You can see that the random agent never gets past the second pipe. This is because it is not probabilistically reasonable for random inputs to know to sustain a jump by pressing A to get high enough to clear the pipe and keep going. This pipe exists at an X value of 595. Let's see if there are any other agents that can get farther.

## Heuristic Agent

To get a baseling, I decided to implement a basic heuristic model that uses a simple algorithm to try to beat a level of Super Mario Bros.

In [99]:
# Create the Super Mario Bros. environment
env = gym.make('SuperMarioBros-v0')

# Set the Joypad wrapper
env = JoypadSpace(env.env, SIMPLE_MOVEMENT)

# Define a new reset function to accept `seeds` and `options` args for compatibility
def gymnasium_reset(self, **kwargs):
    return self.env.reset(), {}

# Overwrite the old reset to accept `seeds` and `options` args
env.reset = gymnasium_reset.__get__(env, JoypadSpace)

# Set TimeLimit back
env = TimeLimit(StepAPICompatibility(env, output_truncation_bool=True), max_episode_steps=steps)
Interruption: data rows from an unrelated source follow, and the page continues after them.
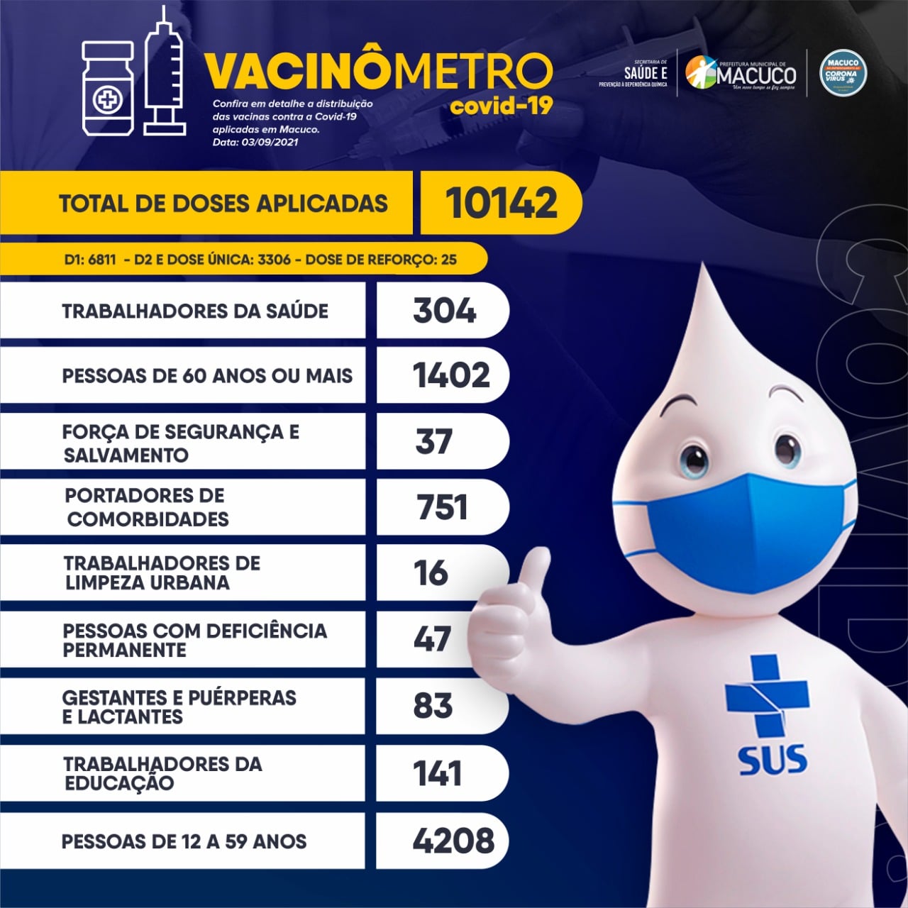 Os esforços da Gestão Municipal, através do incansável trabalho desenvolvido pelos profissionais da Secretaria de Saúde, estão se convertendo em ótimas notícias para a população de Macuco, especialmente no que se refere à aplicação das doses da vacina contra o coronavírus, que segundo especialistas tem sido praticamente impecável.
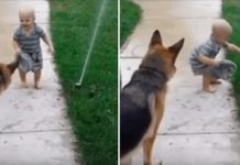 German Shepherd Is Terrified Of New Sprinkler – Toddler Steps In And Helps Him...
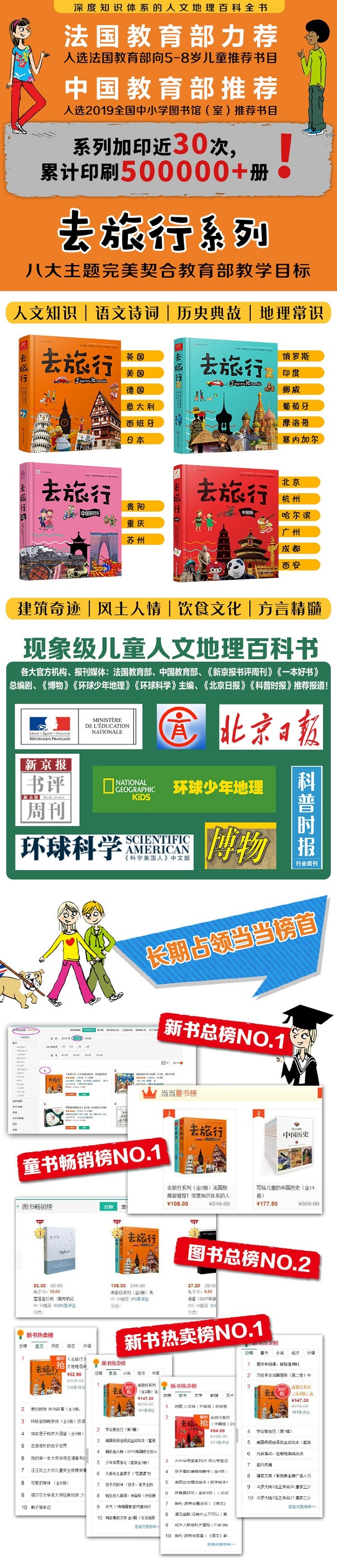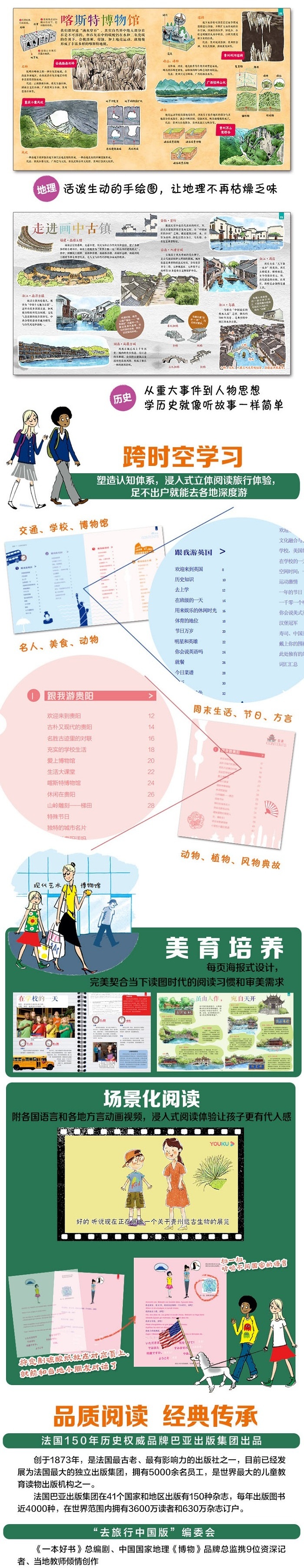 《去旅行》系列从各地小朋友的日常生活入手,像朋友一样介绍自己的日常生活,以及所居住地区的方方面面。632页内容让小读者进行一场关于12个国家和6个中国特色城市的历史、地理、美食、学校、娱乐、体育和文化的深度知识体系发现之旅,兼具传统性和现代性。

# create global variables for inputs
done = True
going_up = False
prev_y = None

max_x = 0
max_world = 0
max_stage = 0

for step in range(1700):
    if done:
        state = env.reset()
        prev_y = None
        hold_jump = False
    
    # if Mario is on flat groun
    # or in the process of rising from previous jump
    # will continue to hold A to perform the maximum jump
    action = SIMPLE_MOVEMENT.index(['right', 'A', 'B']) if going_up else SIMPLE_MOVEMENT.index(['right', 'B'])
    state, reward, done, truncated, info = env.step(action)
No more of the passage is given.